=== Extracted entries ===

--

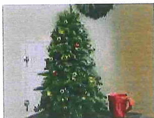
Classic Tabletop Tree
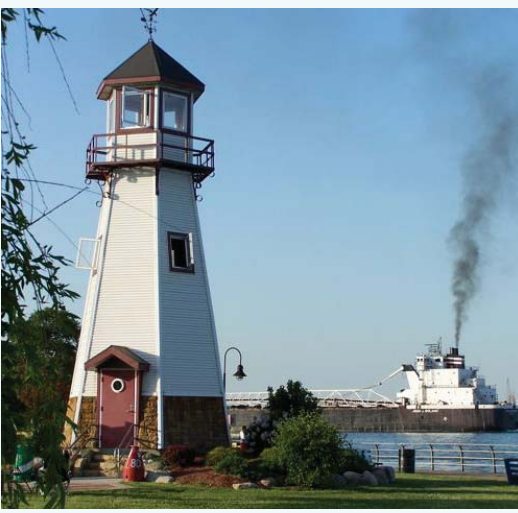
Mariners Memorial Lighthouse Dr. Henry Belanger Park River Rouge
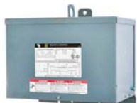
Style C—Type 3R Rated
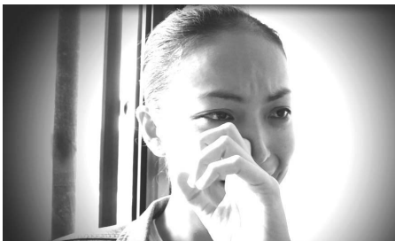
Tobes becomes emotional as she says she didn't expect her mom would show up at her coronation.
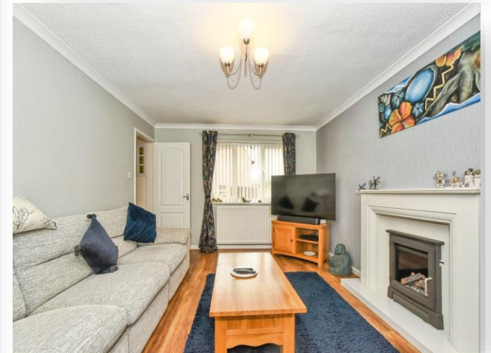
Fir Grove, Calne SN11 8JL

--

=== What to do ===
Give back the material above exactly as it appears, minus any picture.

=== Result ===
Classic Tabletop Tree
Mariners Memorial Lighthouse Dr. Henry Belanger Park River Rouge
Style C—Type 3R Rated
Tobes becomes emotional as she says she didn't expect her mom would show up at her coronation.
Fir Grove, Calne SN11 8JL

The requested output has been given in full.